> **EXERCISE**
All of the entries below should be copied exactly as they appear.

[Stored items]
--- START ---

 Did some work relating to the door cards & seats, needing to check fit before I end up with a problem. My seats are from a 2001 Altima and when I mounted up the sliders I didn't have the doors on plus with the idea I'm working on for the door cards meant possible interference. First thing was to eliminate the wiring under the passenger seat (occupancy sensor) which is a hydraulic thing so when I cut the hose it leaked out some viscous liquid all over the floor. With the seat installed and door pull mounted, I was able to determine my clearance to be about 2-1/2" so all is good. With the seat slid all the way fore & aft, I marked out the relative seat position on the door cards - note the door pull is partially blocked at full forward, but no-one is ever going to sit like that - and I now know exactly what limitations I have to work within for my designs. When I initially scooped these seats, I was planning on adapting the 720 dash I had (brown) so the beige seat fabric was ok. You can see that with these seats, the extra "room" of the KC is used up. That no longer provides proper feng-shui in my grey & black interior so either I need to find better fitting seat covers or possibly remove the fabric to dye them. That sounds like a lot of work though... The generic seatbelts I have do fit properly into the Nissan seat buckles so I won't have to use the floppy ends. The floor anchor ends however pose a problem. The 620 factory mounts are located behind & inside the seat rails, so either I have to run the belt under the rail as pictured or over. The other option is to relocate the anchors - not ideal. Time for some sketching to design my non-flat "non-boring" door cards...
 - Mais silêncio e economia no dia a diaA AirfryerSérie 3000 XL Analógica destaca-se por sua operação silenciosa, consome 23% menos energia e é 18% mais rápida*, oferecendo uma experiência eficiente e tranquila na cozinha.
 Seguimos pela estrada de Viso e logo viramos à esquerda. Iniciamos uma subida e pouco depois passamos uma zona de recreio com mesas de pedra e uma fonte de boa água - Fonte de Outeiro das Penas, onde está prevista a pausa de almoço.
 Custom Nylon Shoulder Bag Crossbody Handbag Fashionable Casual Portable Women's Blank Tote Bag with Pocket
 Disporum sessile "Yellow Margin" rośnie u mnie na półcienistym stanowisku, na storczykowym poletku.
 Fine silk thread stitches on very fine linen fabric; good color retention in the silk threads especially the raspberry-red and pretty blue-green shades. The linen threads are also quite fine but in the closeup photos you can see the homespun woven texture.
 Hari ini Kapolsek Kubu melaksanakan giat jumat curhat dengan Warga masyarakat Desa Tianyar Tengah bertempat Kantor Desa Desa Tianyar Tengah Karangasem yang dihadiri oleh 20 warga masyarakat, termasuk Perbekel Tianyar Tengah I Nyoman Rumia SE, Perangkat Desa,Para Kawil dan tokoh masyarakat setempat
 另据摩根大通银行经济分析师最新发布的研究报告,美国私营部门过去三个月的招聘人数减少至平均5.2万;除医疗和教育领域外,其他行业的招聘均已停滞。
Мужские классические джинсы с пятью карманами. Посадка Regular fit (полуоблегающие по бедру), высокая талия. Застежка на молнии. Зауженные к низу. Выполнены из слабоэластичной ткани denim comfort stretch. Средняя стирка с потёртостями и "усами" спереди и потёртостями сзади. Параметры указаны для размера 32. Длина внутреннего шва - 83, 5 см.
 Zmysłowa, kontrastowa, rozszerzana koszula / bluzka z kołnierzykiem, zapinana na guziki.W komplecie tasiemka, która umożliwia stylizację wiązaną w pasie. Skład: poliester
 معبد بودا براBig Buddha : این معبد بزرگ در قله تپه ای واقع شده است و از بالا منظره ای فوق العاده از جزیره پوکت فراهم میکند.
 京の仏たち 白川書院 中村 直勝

--- END ---

> **RESPONSE TO THE TASK**
 Did some work relating to the door cards & seats, needing to check fit before I end up with a problem. My seats are from a 2001 Altima and when I mounted up the sliders I didn't have the doors on plus with the idea I'm working on for the door cards meant possible interference. First thing was to eliminate the wiring under the passenger seat (occupancy sensor) which is a hydraulic thing so when I cut the hose it leaked out some viscous liquid all over the floor. With the seat installed and door pull mounted, I was able to determine my clearance to be about 2-1/2" so all is good. With the seat slid all the way fore & aft, I marked out the relative seat position on the door cards - note the door pull is partially blocked at full forward, but no-one is ever going to sit like that - and I now know exactly what limitations I have to work within for my designs. When I initially scooped these seats, I was planning on adapting the 720 dash I had (brown) so the beige seat fabric was ok. You can see that with these seats, the extra "room" of the KC is used up. That no longer provides proper feng-shui in my grey & black interior so either I need to find better fitting seat covers or possibly remove the fabric to dye them. That sounds like a lot of work though... The generic seatbelts I have do fit properly into the Nissan seat buckles so I won't have to use the floppy ends. The floor anchor ends however pose a problem. The 620 factory mounts are located behind & inside the seat rails, so either I have to run the belt under the rail as pictured or over. The other option is to relocate the anchors - not ideal. Time for some sketching to design my non-flat "non-boring" door cards...
 - Mais silêncio e economia no dia a diaA AirfryerSérie 3000 XL Analógica destaca-se por sua operação silenciosa, consome 23% menos energia e é 18% mais rápida*, oferecendo uma experiência eficiente e tranquila na cozinha.
 Seguimos pela estrada de Viso e logo viramos à esquerda. Iniciamos uma subida e pouco depois passamos uma zona de recreio com mesas de pedra e uma fonte de boa água - Fonte de Outeiro das Penas, onde está prevista a pausa de almoço.
 Custom Nylon Shoulder Bag Crossbody Handbag Fashionable Casual Portable Women's Blank Tote Bag with Pocket
 Disporum sessile "Yellow Margin" rośnie u mnie na półcienistym stanowisku, na storczykowym poletku.
 Fine silk thread stitches on very fine linen fabric; good color retention in the silk threads especially the raspberry-red and pretty blue-green shades. The linen threads are also quite fine but in the closeup photos you can see the homespun woven texture.
 Hari ini Kapolsek Kubu melaksanakan giat jumat curhat dengan Warga masyarakat Desa Tianyar Tengah bertempat Kantor Desa Desa Tianyar Tengah Karangasem yang dihadiri oleh 20 warga masyarakat, termasuk Perbekel Tianyar Tengah I Nyoman Rumia SE, Perangkat Desa,Para Kawil dan tokoh masyarakat setempat
 另据摩根大通银行经济分析师最新发布的研究报告,美国私营部门过去三个月的招聘人数减少至平均5.2万;除医疗和教育领域外,其他行业的招聘均已停滞。
Мужские классические джинсы с пятью карманами. Посадка Regular fit (полуоблегающие по бедру), высокая талия. Застежка на молнии. Зауженные к низу. Выполнены из слабоэластичной ткани denim comfort stretch. Средняя стирка с потёртостями и "усами" спереди и потёртостями сзади. Параметры указаны для размера 32. Длина внутреннего шва - 83, 5 см.
 Zmysłowa, kontrastowa, rozszerzana koszula / bluzka z kołnierzykiem, zapinana na guziki.W komplecie tasiemka, która umożliwia stylizację wiązaną w pasie. Skład: poliester
 معبد بودا براBig Buddha : این معبد بزرگ در قله تپه ای واقع شده است و از بالا منظره ای فوق العاده از جزیره پوکت فراهم میکند.
 京の仏たち 白川書院 中村 直勝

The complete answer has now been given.